As a demonstration, we used the results from 136 LC-MS/MS analyses of a tryptic digest mouse brain sample prefractionated with strong cation exchange chromatography. To refine these data sets, we selected a non-linear, LOWESS-based, additive regression model with the overfitting proof option enabled. Fig. 5 demonstrates an example of a quality control output of the DtaRefinery tool, showing MME residuals as a function of multiple parameters before and after refinement for a typical data set. For this particular LC-MS/MS data set, prediction followed by subtraction of the systematic errors effectively shifted the overall systematic bias from −2.9 to practically 0 ppm and reduced the standard deviation ∼1.5-fold from ∼1.0 to ∼0.65 ppm as evident from another refinement quality control plot (Fig. 6). Note (supplemental Figs. 4 and 5) that linear recalibration is not as efficient as one that is LOWESS-based because there are still some obvious residual trends in the scan number and m/z domains. The resulting decrease in the standard deviation, although also being quite significant, is not as large. For example, according to Expectation Maximization estimates, the standard deviation decreases from 0.96 to 0.85 ppm in linear recalibration mode and decreases to 0.69 ppm in the case of LOWESS.

Fig. 6.

Fig. 6.

Example of typical parent ion mass error distribution histograms before (left, blue) and after (right, green) applying additive regression refining procedure. The bin width is 0.5 ppm. The red dashed line shows the Expectation Maximization (EM) fit of the mixture distribution, modeled as normal for true identifications and uniform for false identifications. The parameters of the mixed model distribution were estimated by an expectation maximization procedure. The light blue dashed line shows the normal distribution with robust estimates of mean and S.D. The maximum allowable deviation improves from about ±5 to ±2 ppm. est., estimate; stdev, standard deviation.

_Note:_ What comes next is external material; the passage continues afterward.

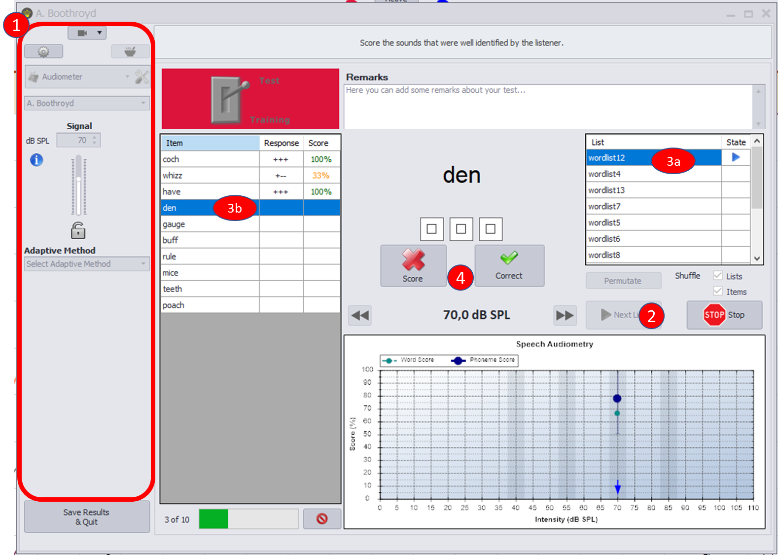 Set the test parameters (1), such as the speech list, and the presentation level of the signal and the noise (if relevant).

As noted earlier, a stricter requirement for the maximum allowable parent ion mass deviation serves to improve discrimination between true and false peptide identifications (8, 11, 12, 18). Thus, we expect that preprocessing the MS/MS data sets by removing the systematic component of the MME of the precursor ions should appreciably improve the quality of peptide identifications. For example, in the demonstrated case (Fig. 6) on the original data set, one needs to use no less than a ±6-ppm threshold to retain most of the true peptide identifications. However, after refinement, the maximum allowable deviation may be decreased to ±2 ppm, providing the potential for an ∼3-fold decrease in the FDR of peptide identifications with almost no loss of true identifications. The other benefit of reducing the maximum allowable tolerance for parent ion MME may be a reduction in the FNR by including poorly fragmenting peptides that receive MS/MS fragment match scores below a specified score threshold. These peptides have the potential to be matched by loosening MS/MS match score thresholds and simultaneously applying more stringent requirements for parent ion mass deviation.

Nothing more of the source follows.